I guess this is meaningless in Julia, since Julia doesn’t have pointers (in normal use cases). You can directly use abstract types and cast it down to concrete type at runtime, just like in those dynamic languages. Example:
function f(x::Vector{Integer})
for i in x
if isa(i,Int)
cast_i = i::Int
println("is a Int")
elseif isa(i,UInt8)
cast_i = i::UInt8
println("is a UInt8")
end
end
end
Then you can use Vector{Number} or Vector{Any}. Any is the supertype of all the types, and Number is the supertype of all the number types (including double, int and complex). If you just want real number type, you can consider Real type.
P.S. It seems that you are unclear about Julia’s type system. You can read the Types section to get more info. Julia is quite different to those static-type languages like C#, C++ and go.
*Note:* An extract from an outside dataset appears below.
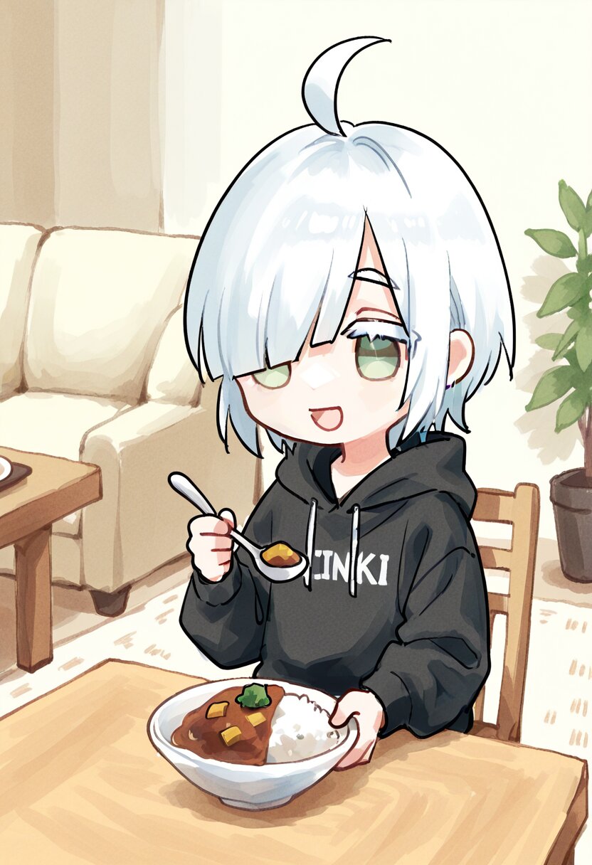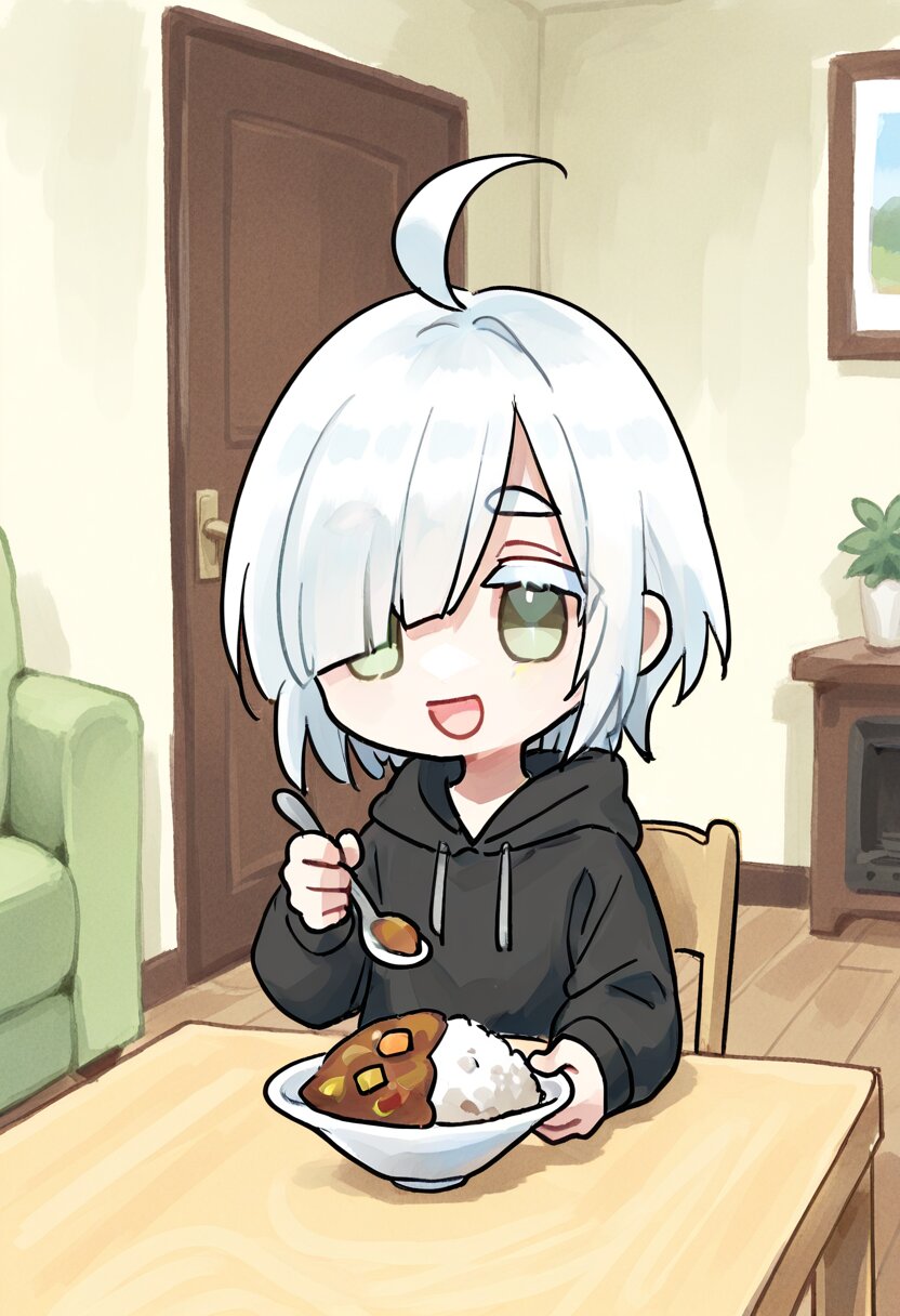 <lora:inmnstyleilxl:0.9>, best quality, masterpiece, very aesthetic, watercolor painting, general, 1girl, chibi, solo, (bright white hair), short hair, blunt bangs, white thick eyebrow, white colored eyelashes, (hair over one eye), ahoge, mintgreen eyes, oversize black hoodie, holding spoon, curry rice, table, sitting chair, living room, smile, open mouth

I’m not sure I understand why you’re disappointed? Surely you don’t expect floating point numbers to behave exactly like integers…? They’re very different things after all, both conceptually as well as how they’re represented in the computer. If you want a container that can hold a mixture of both while keeping their values, as has been said above, Vector{Real} or Vector{Any} are possibilities (or even Vector{Union{Integer, Float64}}, which can hold double precision floating points as well as any integer type like Int8, Int32 etc. but no other subtype of Real).
Additionally, you may not be aware that Integer is not the same as Int - the former is an abstract type in the type hierarchy, while the latter is a concrete type (a leaf that can’t be subtyped) in the type tree.